First, we need to create a new Python 3 virtual environment (this is not mandatory but highly recommended). We name this environment kafka_env. All the required libraries for this project are included in the requirements.txt file. In case you want to install the essential libraries on your own, be careful to use pip install kafka-python instead of pip install kafka (following commands probably won’t apply to a Windows OS).

python3 -m venv kafka_venv
source kafka_venv/bin/activate
pip install -r requirements.txt


Execute the Python script “wikipedia_events_kafka_producer.py” and open up a new terminal to consume messages from the kafka topic through a terminal, using the following command.
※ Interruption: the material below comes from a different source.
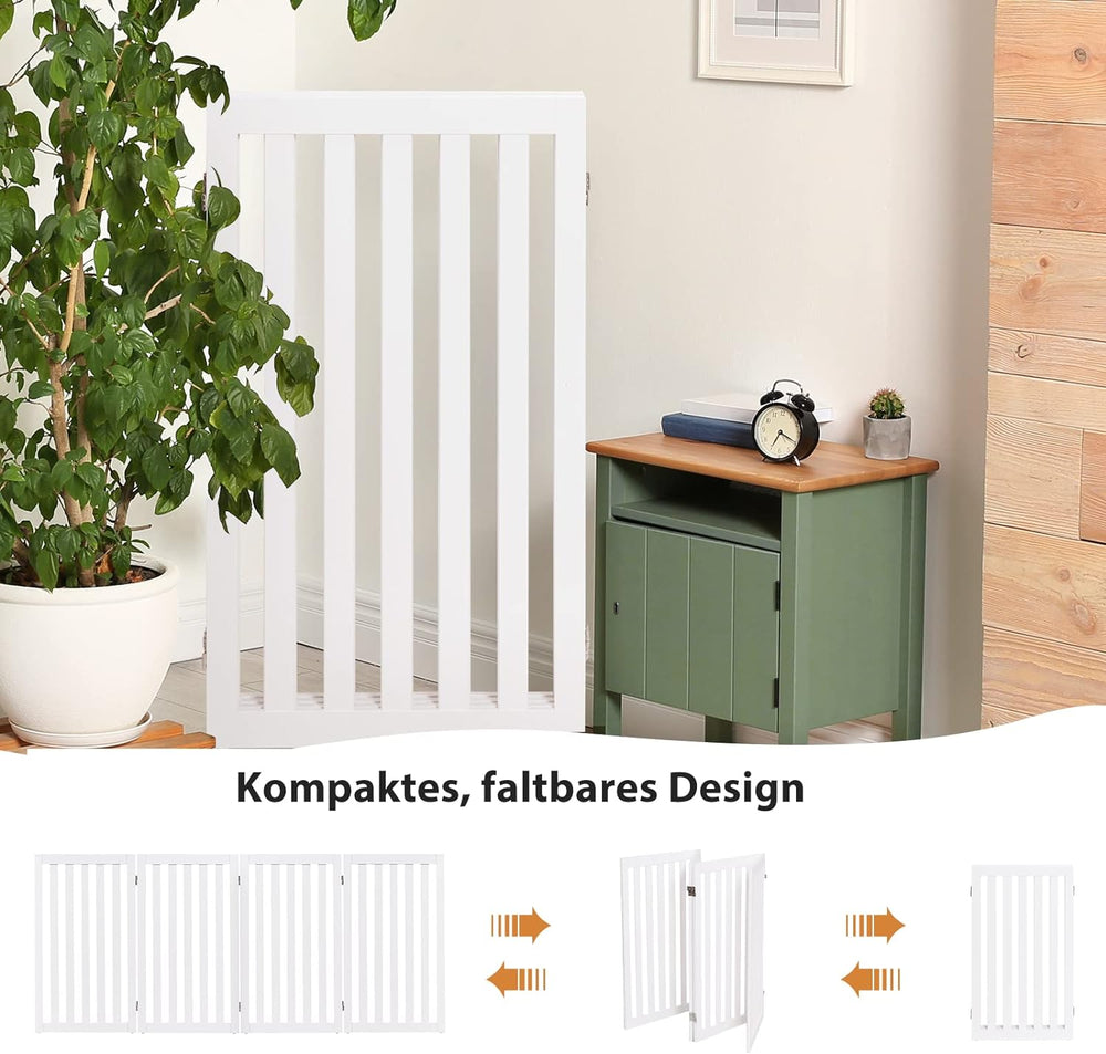 COSTWAY Absperrgitter Hunde 89cm Hoch, 4 Paneelen Schutzgitter Holz, Kindergitter klappbar, Treppeng

Option from-beginning is not required; when used, it will provide the whole history of messages that have been published to the target topic; otherwise, you will consume messages from the moment you execute the following command and beyond.

bin/kafka-console-consumer.sh --bootstrap-server localhost:9092 --topic wikipedia-events --from-beginning 

Suggestions for experimentation

  • Create multiple producers that handle different types of events and send them over different or the same topics.
  • Create consumer(s) that will store data to a database into batches or feed them to any other system.
  • Create a group of consumers that will share the job of consuming messages in parallel to improve performance.